Compared with the prior art, the invention has the beneficial effects that:

the analysis method and the device can attach the elution of the hot airflow of the actual simulated cigarette to the filter tip additive, and make up the problem that the analysis result is disjointed with the actual process of cigarette smoking when the filter tip is independently tested and separated from the cigarette smoking process in the prior art.
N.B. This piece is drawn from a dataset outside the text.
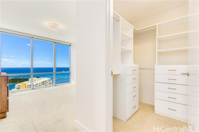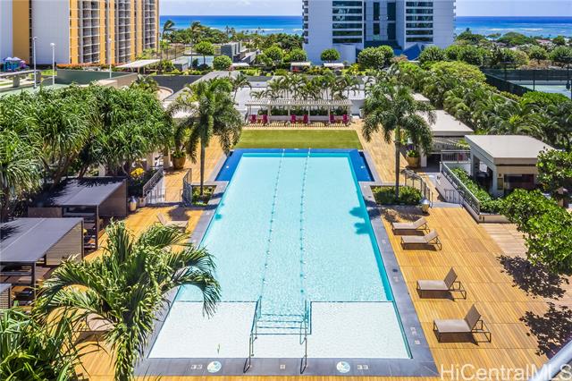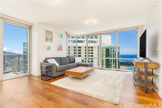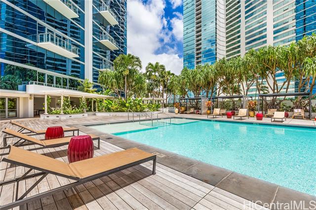 This sophisticated three-bedroom, two-bath corner residence showcases floor-to-ceiling windows with motorized blinds, filling the home with natural light and framing stunning ocean views. The gourmet kitchen is appointed with granite countertops, Bosch appliances, and a large island, while the adjoining lanai invites refreshing breezes that create effortless airflow throughout the space. The building offers an impressive collection of amenities, including a dramatic infinity pool, barbecue cabanas, a private theater, a beautifully designed club room with a full kitchen, a state-of-the-art fitness center with both weight and yoga studios, elegant guest suites, and convenient EV charging stations. Located just a five-minute walk from Ala Moana Shopping Center, world-class restaurants, and even an urgent care clinic, this home places the best of Honolulu at your doorstep. You may never need a car, yet the residence comes with one of the most desirable parking spaces in the building.

In the method, the hot air flow is adopted for purging, so that the adoption of the method in the analysis of the cigarette combustion smoke is avoided: the problem that the interference of complex background components is generated after the tobacco shred is combusted, and the accurate analysis result is very difficult to obtain is solved, the test result is more accurate and reliable, and the pretreatment of sample analysis is simplified.

The device has simple structure and convenient operation, can simulate the filter tip test of all cigarette specifications, can simulate the migration test of filter tip additives, and can simulate all cigarette smoking modes and smoke flow temperatures. Provides powerful technical support for the aspects of cigarette product quality safety, smoke physiological feeling, smoking, health and the like.

Drawings

In order to more clearly illustrate the embodiments of the invention or the technical solutions of the prior art, the drawings which are used in the description of the embodiments or the prior art will be briefly described, it being obvious that the drawings in the description below are only some embodiments of the invention, and that other drawings can be obtained according to these drawings without inventive faculty for a person skilled in the art.

FIG. 1 is a schematic diagram of a filter rod additive heat migration measuring device;

FIG. 2 is a schematic view of the structure of the purge tube;

wherein, 1, an air heater; 2. a constant temperature box; 3. an air inlet; 4. an air outlet; 5. an air outlet; 6. an air thermostatic tube; 7. a purge tube; 8. a temperature sensor; 9. a smoking machine; 10. a seal ring bayonet; 11. a sieve plate; 12. a seal ring; 13. a filter holder; 14. a Cambridge filter; 15. a refrigerant container; 16 purging the ingredient collector; 17. a tube body; 18. a tube cap;

FIG. 3 is a full-sweep mass spectrum of the heat transfer component of a bead blasting product.

Detailed Description

The present invention will be described in further detail with reference to examples.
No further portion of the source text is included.